REQUIRED ACTION: Leaving out all pictures, retype the records exactly.

Collection entries:

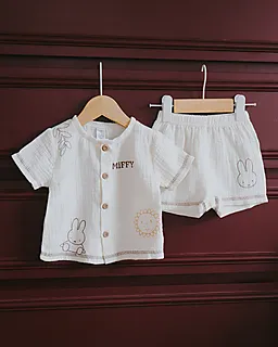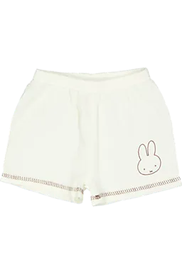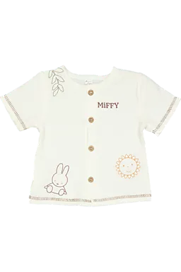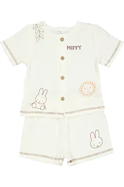 Deze witte babykledingset bestaat uit een shirt met korte mouwen en een bijpassend broekje. Op het shirt staan de naam MIFFY en zachte prints van nijntje en een zonnetje, waardoor het geheel een speelse uitstraling krijgt. De knoopjes aan de voorkant maken het aan- en uittrekken makkelijk. Het broekje heeft een elastische tailleband, zodat het prettig en comfortabel zit.
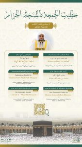 وسيتولى فضيلة الشيخ الدكتور أسامه خياط بإمامة المصلين وإلقاء خطبة الجمعة في المسجد الحرام.
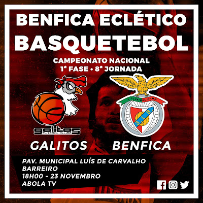 Informação do Jogo: https://www.slbenfica.pt/pt-pt/agora/noticias/2019/11/23/basquetebol-direto-galitos-benfica-liga-placard-campeonato-8-jornada-cronica
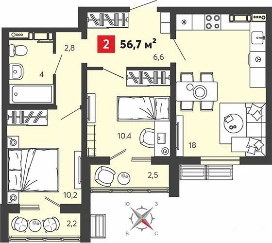 Продаются 2 комнатные квартиры ул. Алая , 75 стр. , «Радужные дворы» , Спутник
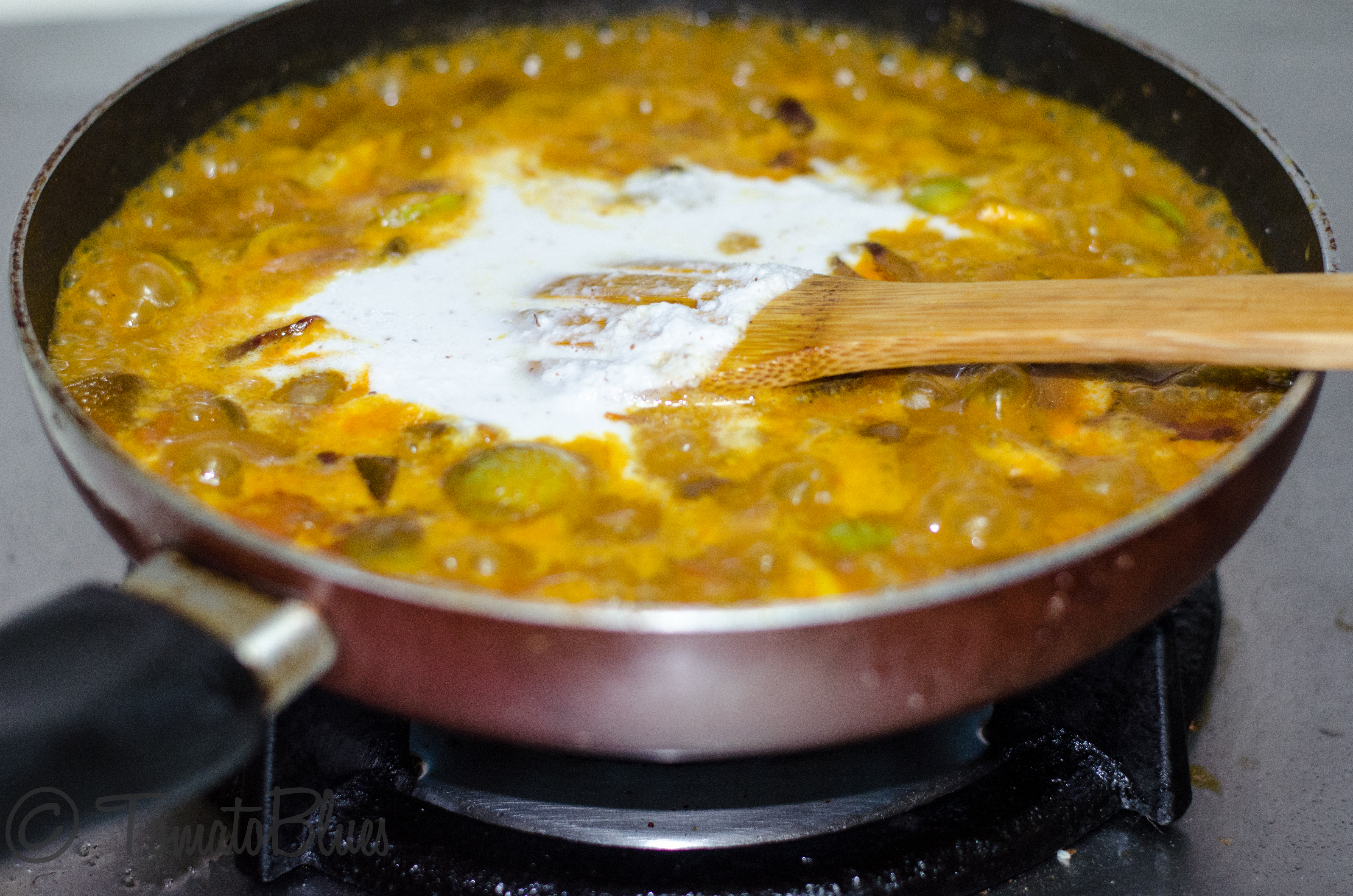 - Add tamarind extract next along with salt and jaggery and mix well.

RESULT OF THIS TASK:
 Deze witte babykledingset bestaat uit een shirt met korte mouwen en een bijpassend broekje. Op het shirt staan de naam MIFFY en zachte prints van nijntje en een zonnetje, waardoor het geheel een speelse uitstraling krijgt. De knoopjes aan de voorkant maken het aan- en uittrekken makkelijk. Het broekje heeft een elastische tailleband, zodat het prettig en comfortabel zit.
 وسيتولى فضيلة الشيخ الدكتور أسامه خياط بإمامة المصلين وإلقاء خطبة الجمعة في المسجد الحرام.
 Informação do Jogo: https://www.slbenfica.pt/pt-pt/agora/noticias/2019/11/23/basquetebol-direto-galitos-benfica-liga-placard-campeonato-8-jornada-cronica
 Продаются 2 комнатные квартиры ул. Алая , 75 стр. , «Радужные дворы» , Спутник
 - Add tamarind extract next along with salt and jaggery and mix well.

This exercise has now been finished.